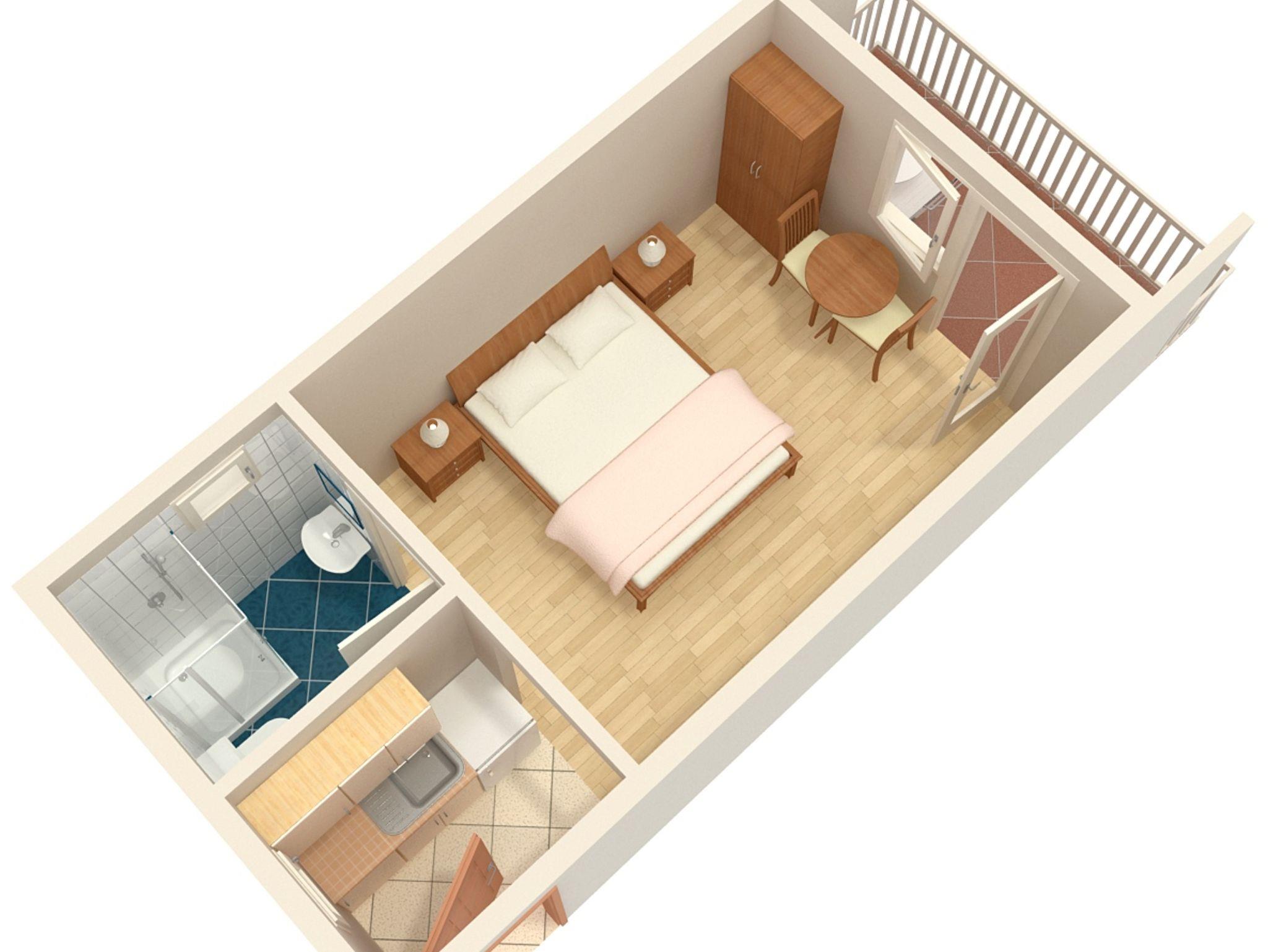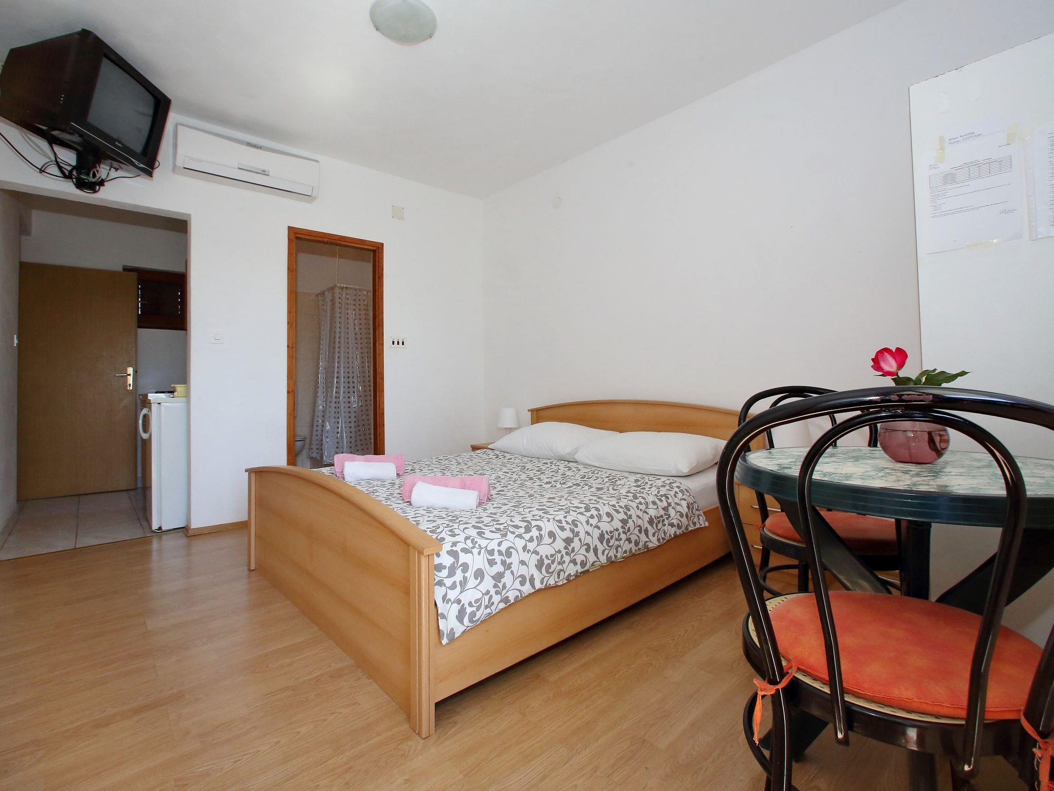 Studio bietet Platz für 2 Gäste. Die Betten sind in Schlafzimmern, die es 1 gibt, innerhalb einer Gesamtfläche von 19m2, angeordnet. Die Gäste haben eine eigene Terrasse zur Verfügung, auf der sie in warmen Sommernächten genießen können. Das Studio-Apartment bietet Meerblick. Es ist erlaubt, Speisen auf dem Gemeinschafts-Grill vorzubereiten. In der Unterkunftseinheit besteht die Möglichkeit des Mitbringens von Haustieren gegen Aufpreis. IM PREIS INBEGRIFFEN: Kurtaxe, Endreinigung, Parkplatz, Internet, tragbarer Grill. VERBINDLICHE ZUSÄTZLICHE KOSTEN: Aufzahlung für Kurzaufenthalte (prozentualer Zuschlag pro Nächtigungsanzahl: 30% - 1, 20% - 2, 10% - 3). UNVERBINDLICHE ZUSÄTZLICHE KOSTEN: Klimatisierung (5,00 € pro Nacht), Haustiere (5,00 € pro Nacht). Die Verfügbarkeit zusätzlicher Dienstleistungen in Ihrem reservierten Termin und die Preise derselben (falls nicht aufgeführt) müssen im Voraus überprüft werden. Zusätzliche Dienstleistungen die in der Zahlungsaufforderung nicht aufgeführt sind werden direkt beim Vermieter bezahlt, angenommen der Gast nutzt auch diese.
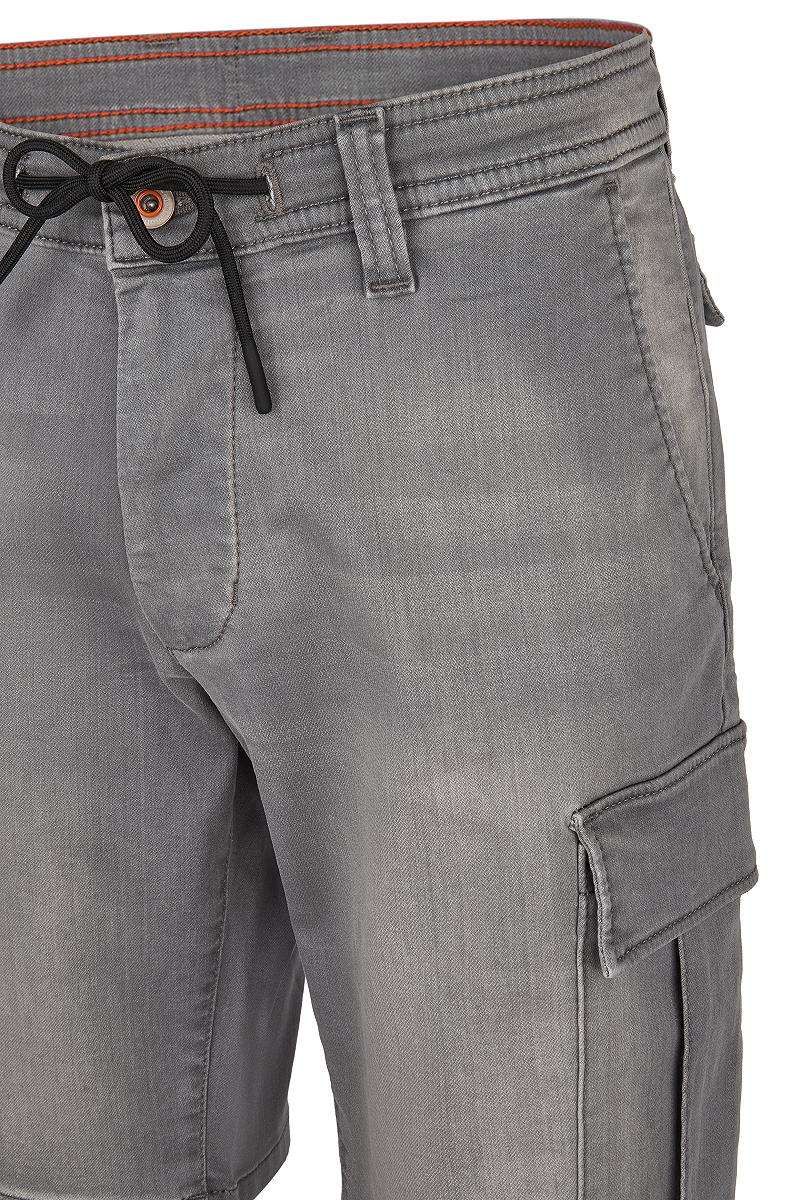 Die Cargo Bermuda im Jogg-Denim-Look ist eine Mischung aus lässigem Style und höchstem Komfort. Der weiche Griff und der elastische Stoff sorgen für angenehmen Tragekomfort, während die praktischen Cargo-Taschen und der Kordelzug zusätzlichen Komfort bieten. Die authentische Denim-Optik und die geknöpften Gesäßtaschen verleihen der Hose einen modernen Touch. Pflegeleicht und strapazierfähig, ist diese Bermuda ideal für den Sommer.
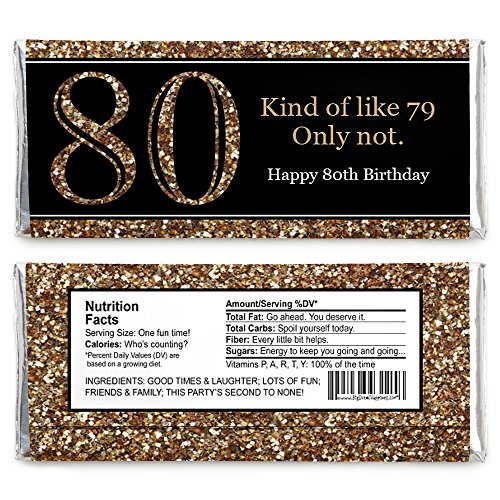- Adult 80th Birthday - Gold - Candy Bar Wrappers Birthday Party Favors - Set of 24 wrappers & foils (Candy bars not included)
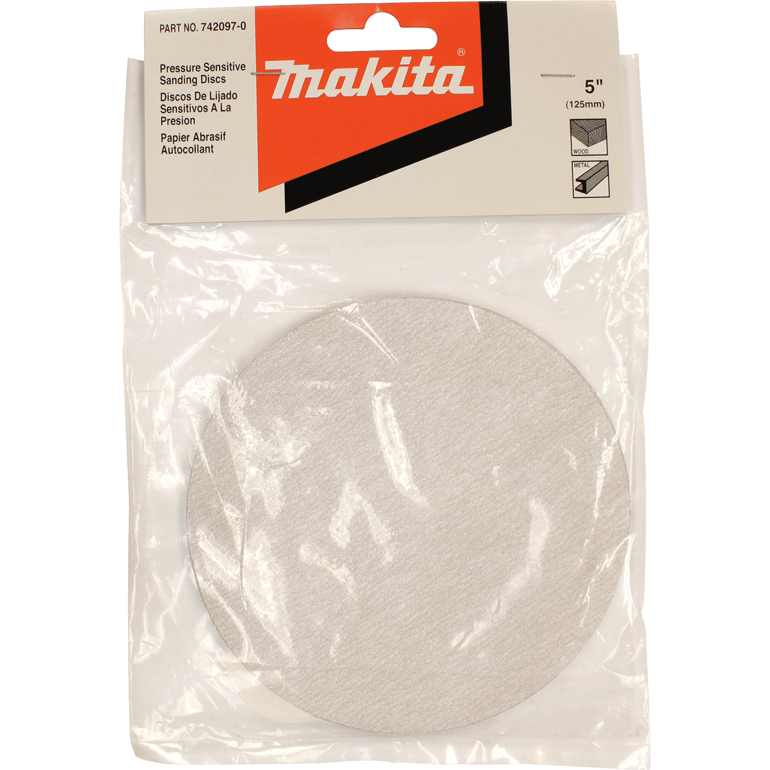 Makita Pressure Sensitive Adhesive (PSA) Abrasive Disc is designed to work with Random Orbit Sanders to sand a variety of wood surfaces. The paper features an adhesive back for quick changes. Each Disc features high quality backing material for added durability and more efficient sanding. High-quality white aluminum oxide grain abrasive for increased durability and sharpness. Open-coat grain distribution and resin glue coating reduces grain clogging and improves finish on wood surfaces. Heavyweight paper provides strong backing and reduces edge tear-out for more sanding. Ideal for use on bare wood, paint, varnish, fillers, plastic and other materials. For use with 5" Random Orbit Sanders equipped with a PSA Backing Pad.

WHAT IS EXPECTED. Every line above should be copied exactly, apart from any pictures.

RESPONSE BOX.
 Studio bietet Platz für 2 Gäste. Die Betten sind in Schlafzimmern, die es 1 gibt, innerhalb einer Gesamtfläche von 19m2, angeordnet. Die Gäste haben eine eigene Terrasse zur Verfügung, auf der sie in warmen Sommernächten genießen können. Das Studio-Apartment bietet Meerblick. Es ist erlaubt, Speisen auf dem Gemeinschafts-Grill vorzubereiten. In der Unterkunftseinheit besteht die Möglichkeit des Mitbringens von Haustieren gegen Aufpreis. IM PREIS INBEGRIFFEN: Kurtaxe, Endreinigung, Parkplatz, Internet, tragbarer Grill. VERBINDLICHE ZUSÄTZLICHE KOSTEN: Aufzahlung für Kurzaufenthalte (prozentualer Zuschlag pro Nächtigungsanzahl: 30% - 1, 20% - 2, 10% - 3). UNVERBINDLICHE ZUSÄTZLICHE KOSTEN: Klimatisierung (5,00 € pro Nacht), Haustiere (5,00 € pro Nacht). Die Verfügbarkeit zusätzlicher Dienstleistungen in Ihrem reservierten Termin und die Preise derselben (falls nicht aufgeführt) müssen im Voraus überprüft werden. Zusätzliche Dienstleistungen die in der Zahlungsaufforderung nicht aufgeführt sind werden direkt beim Vermieter bezahlt, angenommen der Gast nutzt auch diese.
 Die Cargo Bermuda im Jogg-Denim-Look ist eine Mischung aus lässigem Style und höchstem Komfort. Der weiche Griff und der elastische Stoff sorgen für angenehmen Tragekomfort, während die praktischen Cargo-Taschen und der Kordelzug zusätzlichen Komfort bieten. Die authentische Denim-Optik und die geknöpften Gesäßtaschen verleihen der Hose einen modernen Touch. Pflegeleicht und strapazierfähig, ist diese Bermuda ideal für den Sommer.
- Adult 80th Birthday - Gold - Candy Bar Wrappers Birthday Party Favors - Set of 24 wrappers & foils (Candy bars not included)
 Makita Pressure Sensitive Adhesive (PSA) Abrasive Disc is designed to work with Random Orbit Sanders to sand a variety of wood surfaces. The paper features an adhesive back for quick changes. Each Disc features high quality backing material for added durability and more efficient sanding. High-quality white aluminum oxide grain abrasive for increased durability and sharpness. Open-coat grain distribution and resin glue coating reduces grain clogging and improves finish on wood surfaces. Heavyweight paper provides strong backing and reduces edge tear-out for more sanding. Ideal for use on bare wood, paint, varnish, fillers, plastic and other materials. For use with 5" Random Orbit Sanders equipped with a PSA Backing Pad.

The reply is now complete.